I access my account and bring up a scrolling menu, the words a transparent white in my view. I reach out to tap on one hovering menu item.
Memory Worlds
When I select this, the menu brings up a scrolling subset of options. Each one I look at for longer than a second starts to play a preview of a Memory that I had stored. There are Memories of Keira and me celebrating our first night in the little studio we’d rented, and of me holding out my first check after my first successful bounty hunt. Then there are my Shared Favorites, Memories created by others that anyone can enjoy—like being in Frankie Dena’s shoes as she performs at the Super Bowl, or standing in the place of a little boy being swarmed by a pile of puppies, a Memory that has been shared over a billion times.

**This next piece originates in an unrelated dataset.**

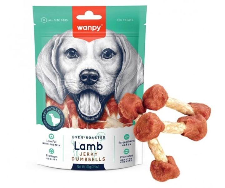 Ласощі для собак Wanpy КІСТКА-ГАНТЕЛЬ З В'ЯЛІМ ЯГНЯМ (Lamb Jerky Dumbbells) 100 г

Finally, I go to my most treasured subset—my oldest Memories, stored in a separate Favorites category. These are old videos that I recorded on a phone before the NeuroLink even came out, videos that I later downloaded into my account. They are of my father. I scroll through them until I settle on one. It’s my tenth birthday, and Dad’s hands are covering my eyes. Even though it’s an old, grainy phone video, it fills my view through my glasses like a giant screen. I feel the same anticipation that I’d felt that day, get the same surge of joy as Dad’s hands opened to reveal a painting he’d made of us, walking through a world of colorful paint strokes that looks like Central Park at twilight. I jump up and down, twirl the painting around, and get up on a chair to hold it aloft. My father smiles up at me, then reaches his arms out to help me hop down. It plays until it runs out and automatically goes to the next Memory in my storage. Dad in a black peacoat and bright red scarf, guiding me down the halls of the Museum of Modern Art. Dad teaching me how to paint. Dad and me picking out peonies in the Flower District while rain pours down outside. Dad shouting Happy New Year! with me on a rooftop overlooking Times Square.

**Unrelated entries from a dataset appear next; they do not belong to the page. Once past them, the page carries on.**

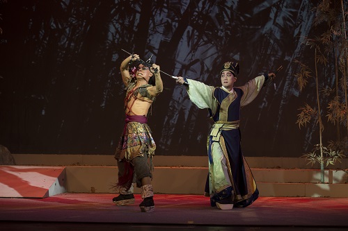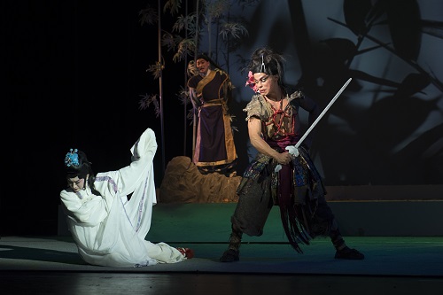 故事的陈述者,此次出演本剧的三位主人公,赵扬强、林庭瑜、戴立吾均别具一格的带给了我们隶属于他们也属于本角色原型的独特的观剧感受。你瞧那官人头戴金丝帽,长蓝襟,腰配长剑与短刀;娘子身着白襦裙,红跷鞋,头顶银蝶步步摇;还有那强盗乱发粗犷,袒胸露乳,兽皮长绳即着衣,打破了传统的服化模式,大胆的进行革新,吸收别于京剧之外舞台剧的精髓,但又不失其本来样貌,人物定位显著。
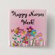 Happy Nurses Week Button, "Happy Nurses Week", pink background with stripes and spring floral design. A perfect way to say "thank you". *All graphic created by nurse artist
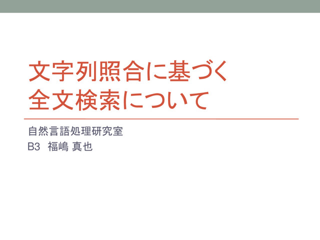 文字列照合に基づく 全文検索について 自然言語処理研究室 B3 福嶋 真也

The Memories play over and over, until I can’t tell whether or not they’ve started again from the beginning, and gradually, I drift off into sleep, surrounded by ghosts.
? ? ? ? ?
IN MY DREAMS, I’m back in high school, revisiting what led to my criminal record.
Annie Pattridge was an awkward, shy girl in my high school, a kid with gentle eyes who kept to herself and ate her lunches in a corner of the school’s little library. Sometimes I ran across her in there. I wasn’t her friend, exactly, but we were friendly—we’d chatted a couple of times about our shared love of Harry Potter and Warcross and League of Legends and computers. Other times, I’d see her picking her books off the ground after someone had knocked them out of her arms, or catch her backed up against the lockers while a bunch of kids stuck gum in her hair, or glimpse her stumbling out of the girls’ bathroom with a crack in her glasses.
But then, one day, a boy working on a group project with Annie managed to snap a photo of her showering in the privacy of her own home. The next morning, Annie’s naked photo had been sent to every student in school, shared on the school’s homework forums, and posted online. Then came the taunts. The printouts of the photo, all cruelly drawn on. The death threats.